Katherine Sian Moennig (; born December 29, 1977) is an American actress. She is best known for her role as Shane McCutcheon on The L Word (2004–2009), as well as Jake Pratt on Young Americans (2000). Moennig played the role of Lena in the Showtime series Ray Donovan from 2013 to 2019. She played a recurring role on Grown-ish on Freeform as Professor Paige Hewson in season 2 and 3. She reprised her role as Shane McCutcheon in The L Word: Generation Q in 2019. Moennig currently hosts podcast PANTS with close friend and L Word co-star, Leisha Hailey.

Personal life
Moennig was born in Philadelphia, Pennsylvania, the daughter of Broadway dancer Mary Zahn and violin-maker William H. Moennig III. Her father's maternal half-sister is actress Blythe Danner, making her a half-first cousin of Gwyneth Paltrow and Jake Paltrow.

Moennig is a lesbian. She is married to musician Ana Rezende.

Career
Moennig moved to New York City at the age of 18 to study at the American Academy of Dramatic Arts.

In 1999, she had the central role in the Our Lady Peace video "Is Anybody Home?". She also took a role in a Fleet Bank commercial, and appeared in a Red Cross Campaign benefiting victims of Hurricane Katrina.
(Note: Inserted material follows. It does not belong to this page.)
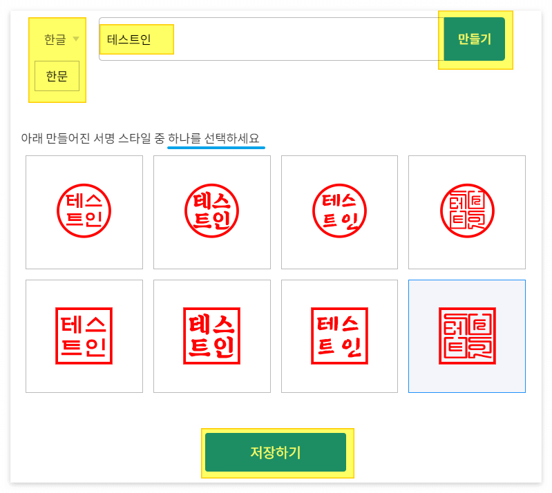 글로싸인 사이트 → 전자도장 만들기 → 일반도장 → 한문/한글 선택 → 한문or한글 기입 → 만들기 → 원하는 스타일 선택 → 저장하기 → 이메일로 보내기 → 메일로 받은 이미지 다운받기

Moennig was a presenter at the 17th annual GLAAD awards and appeared at the 10th annual Ribbon of Hope Celebration.

Moennig's first major role was in the television series Young Americans, playing Jake Pratt. She has played multiple lesbian roles: Shane McCutcheon in The L Word; Rosie's (Drew Barrymore) partner Jilly in Everybody's Fine; Candace, the lesbian lover of Sophia Myles' character, in Art School Confidential; and Lena, a press agent who works for Liev Schreiber's character, in Ray Donovan. She has also pursued transgender roles, auditioning for the part of Brandon Teena in Boys Don't Cry, and playing Cheryl Avery, a young transgender woman in the Law & Order: Special Victims Unit episode "Fallacy".

In April 2006, Moennig made her Off Broadway debut as "American Girl", opposite Lee Pace, in Guardians, by Peter Morris. The story is loosely based on that of Lynndie England.

In 2007, the Hetrick-Martin Institute (HMI) produced the documentary My Address: A Look At Gay Youth Homelessness in cooperation with Moennig. Directed by Gigi Nicolas, the documentary explored the experiences of homeless gay youth and the work of the HMI.

In 2009, Moennig joined the cast of the TV series Three Rivers. On November 30, 2009, it was announced that CBS had pulled Three Rivers from the schedule, with no plans to return it. Moennig appeared in an episode of This Just Out in 2010.

In 2013, tomboy clothing range Wildfang launched in America. Moennig was an ambassador for the brand, appearing in the launch video and designing a limited edition pair of boots.

Also in 2013, Moennig joined the cast of the Showtime drama Ray Donovan, starring as Lena, Ray Donovan's assistant.

In 2017, Moennig narrated her first audiobook, The Late Show by Michael Connelly.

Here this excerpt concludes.